Wherever an image appears in the data, omit it and copy all the remaining text word for word.

#### RECORDED DATA:
○ ○ ○

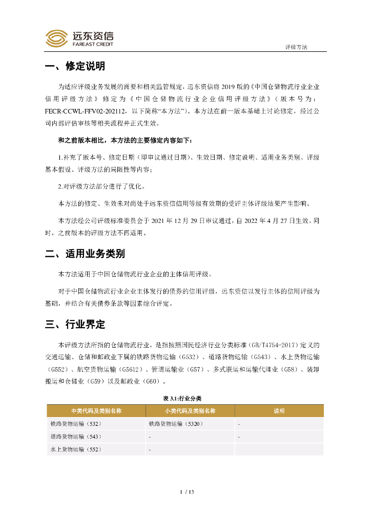 远东资信:中国仓储物流行业企业信用评级方法.pdf
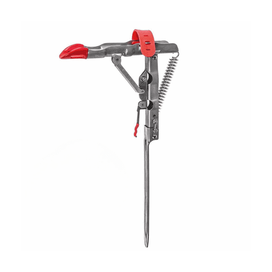 Ribiška palica se po nasloni na držalo za palice in se zaskoči z vzmetnim mehanizmom, ki bo takoj po prvem prijemu sprostil in ujel ribo.
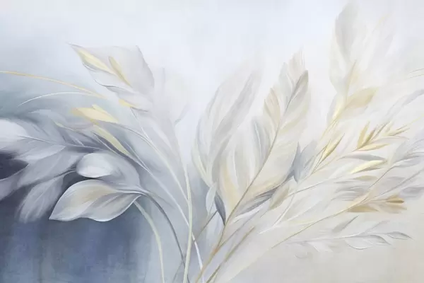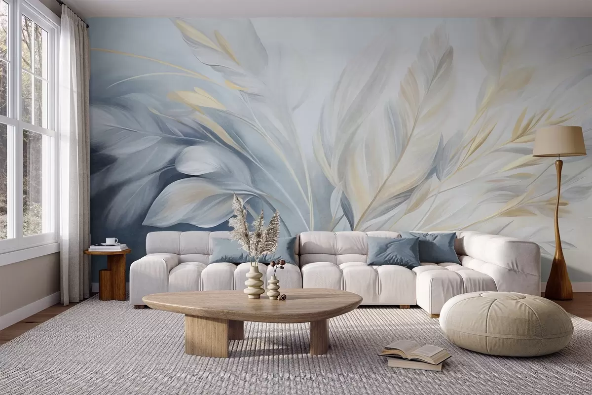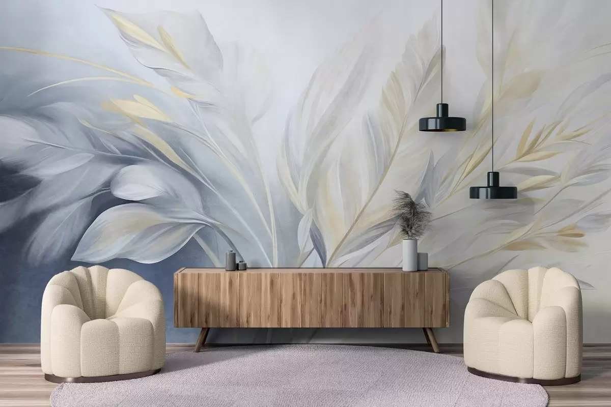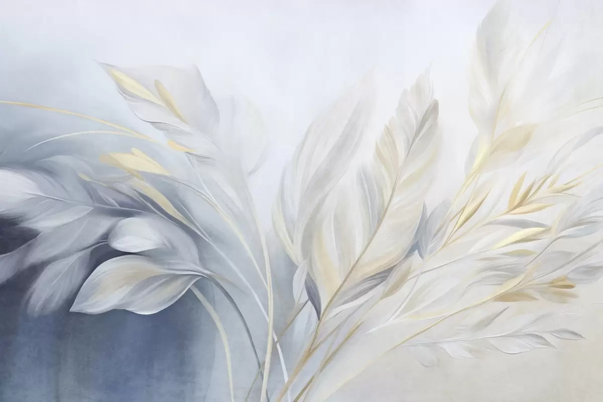 Fototapet Pene cu textură și accente galbene, pe un fundal delicat de albastru pal și alb Nr. w09826
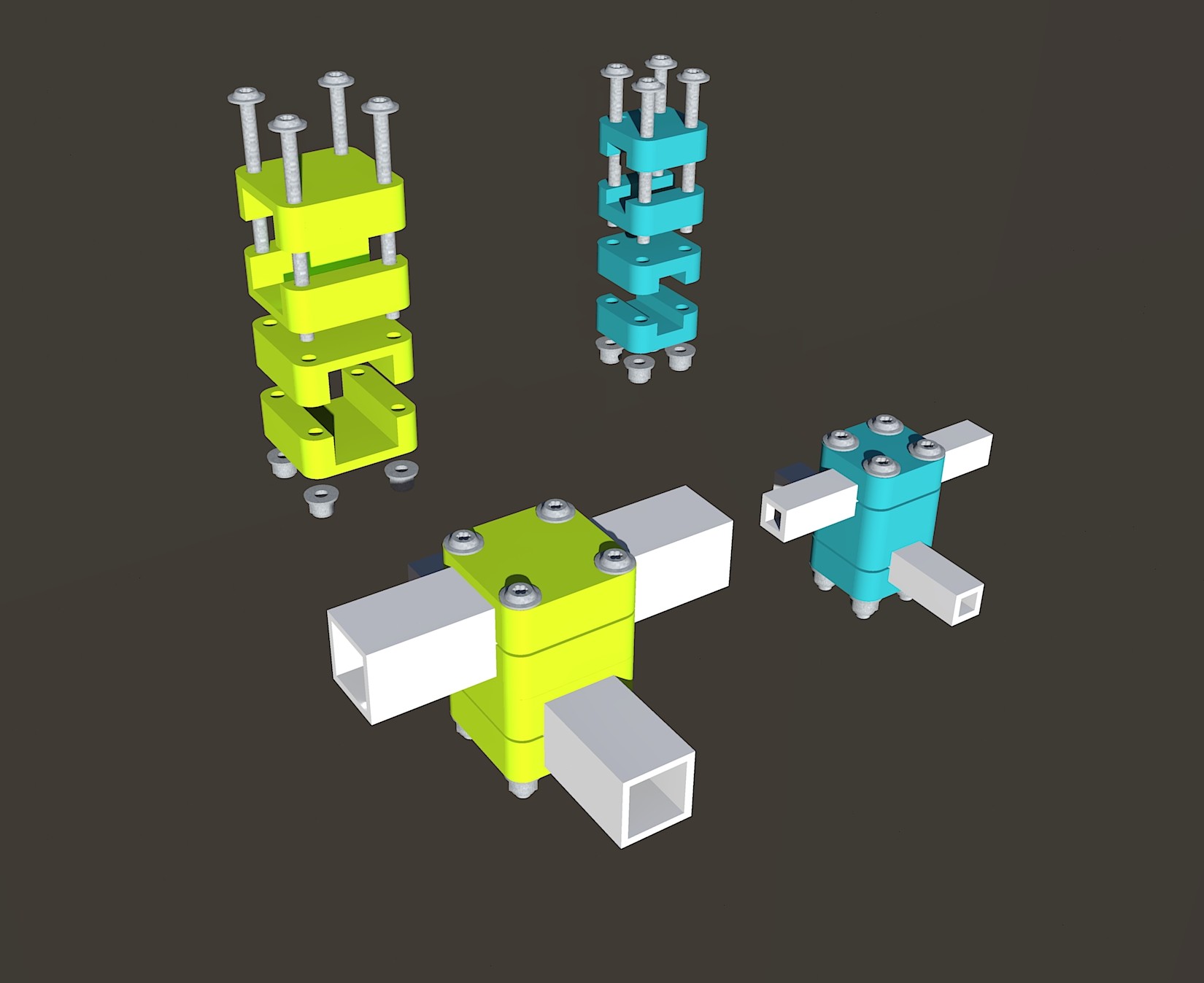 Dùng để nối các ống vuông 10mm hoặc 20mm lại với nhau một cách chắc chắn, dùng để làm kệ hoặc các công trình khác. Có hướng dẫn chi tiết về ốc vít, in ấn và lắp ráp.

○ ○ ○

#### ANSWER TO THIS PROBLEM:
 远东资信:中国仓储物流行业企业信用评级方法.pdf
 Ribiška palica se po nasloni na držalo za palice in se zaskoči z vzmetnim mehanizmom, ki bo takoj po prvem prijemu sprostil in ujel ribo.
 Fototapet Pene cu textură și accente galbene, pe un fundal delicat de albastru pal și alb Nr. w09826
 Dùng để nối các ống vuông 10mm hoặc 20mm lại với nhau một cách chắc chắn, dùng để làm kệ hoặc các công trình khác. Có hướng dẫn chi tiết về ốc vít, in ấn và lắp ráp.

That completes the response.